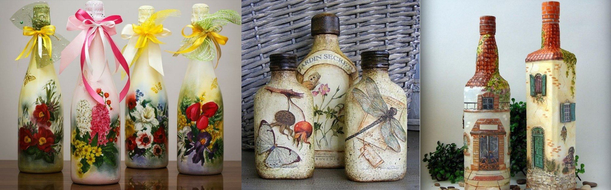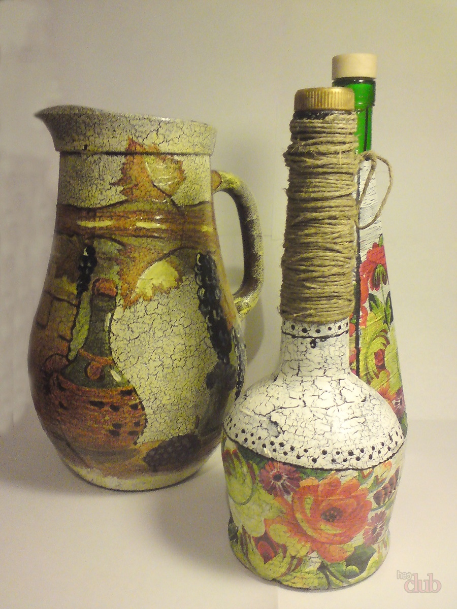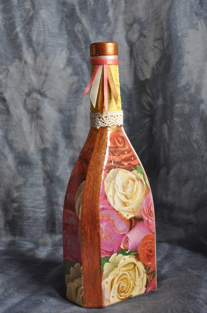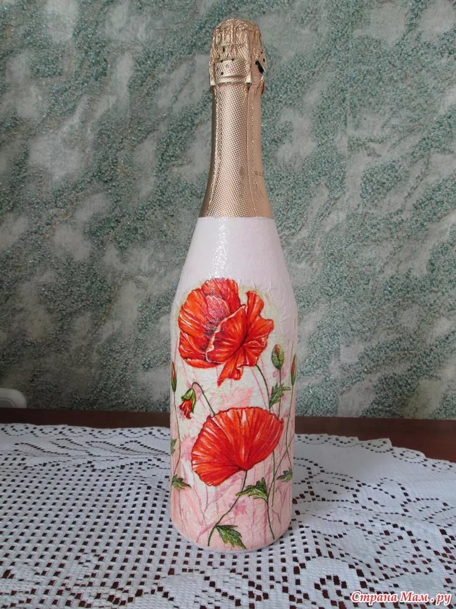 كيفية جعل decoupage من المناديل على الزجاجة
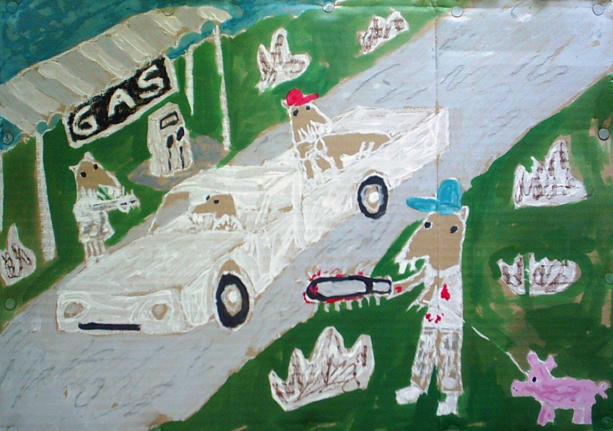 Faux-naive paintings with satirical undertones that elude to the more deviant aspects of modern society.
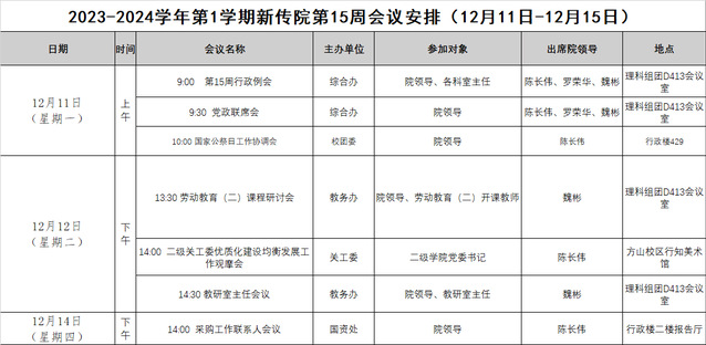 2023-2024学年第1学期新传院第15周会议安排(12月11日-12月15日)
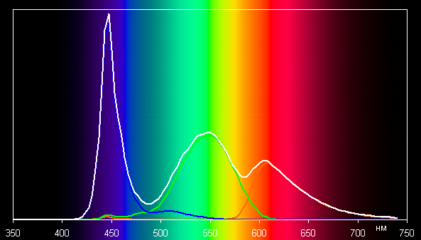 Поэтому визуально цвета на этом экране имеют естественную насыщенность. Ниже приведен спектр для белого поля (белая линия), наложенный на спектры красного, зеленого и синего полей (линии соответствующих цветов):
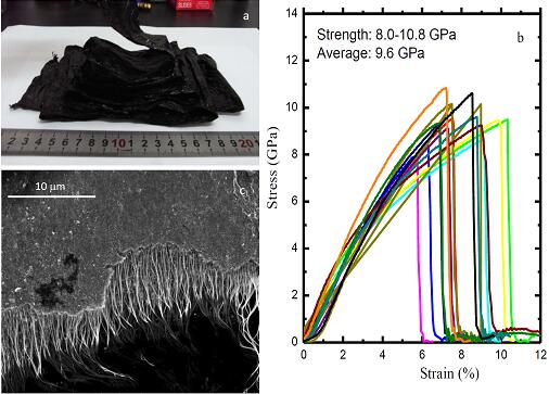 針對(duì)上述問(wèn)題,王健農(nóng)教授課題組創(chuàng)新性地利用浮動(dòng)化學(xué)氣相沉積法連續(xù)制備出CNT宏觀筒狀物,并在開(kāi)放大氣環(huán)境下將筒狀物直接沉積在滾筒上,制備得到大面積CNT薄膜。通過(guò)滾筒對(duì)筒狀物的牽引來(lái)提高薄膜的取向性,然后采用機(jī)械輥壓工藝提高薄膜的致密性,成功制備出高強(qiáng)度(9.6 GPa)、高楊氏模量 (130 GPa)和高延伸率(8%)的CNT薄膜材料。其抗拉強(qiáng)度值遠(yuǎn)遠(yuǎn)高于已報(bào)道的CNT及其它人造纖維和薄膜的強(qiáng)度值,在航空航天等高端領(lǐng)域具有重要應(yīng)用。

Task requirements: An exact copy of the whole listing is required, minus the pictures.

Reply:
 كيفية جعل decoupage من المناديل على الزجاجة
 Faux-naive paintings with satirical undertones that elude to the more deviant aspects of modern society.
 2023-2024学年第1学期新传院第15周会议安排(12月11日-12月15日)
 Поэтому визуально цвета на этом экране имеют естественную насыщенность. Ниже приведен спектр для белого поля (белая линия), наложенный на спектры красного, зеленого и синего полей (линии соответствующих цветов):
 針對(duì)上述問(wèn)題,王健農(nóng)教授課題組創(chuàng)新性地利用浮動(dòng)化學(xué)氣相沉積法連續(xù)制備出CNT宏觀筒狀物,并在開(kāi)放大氣環(huán)境下將筒狀物直接沉積在滾筒上,制備得到大面積CNT薄膜。通過(guò)滾筒對(duì)筒狀物的牽引來(lái)提高薄膜的取向性,然后采用機(jī)械輥壓工藝提高薄膜的致密性,成功制備出高強(qiáng)度(9.6 GPa)、高楊氏模量 (130 GPa)和高延伸率(8%)的CNT薄膜材料。其抗拉強(qiáng)度值遠(yuǎn)遠(yuǎn)高于已報(bào)道的CNT及其它人造纖維和薄膜的強(qiáng)度值,在航空航天等高端領(lǐng)域具有重要應(yīng)用。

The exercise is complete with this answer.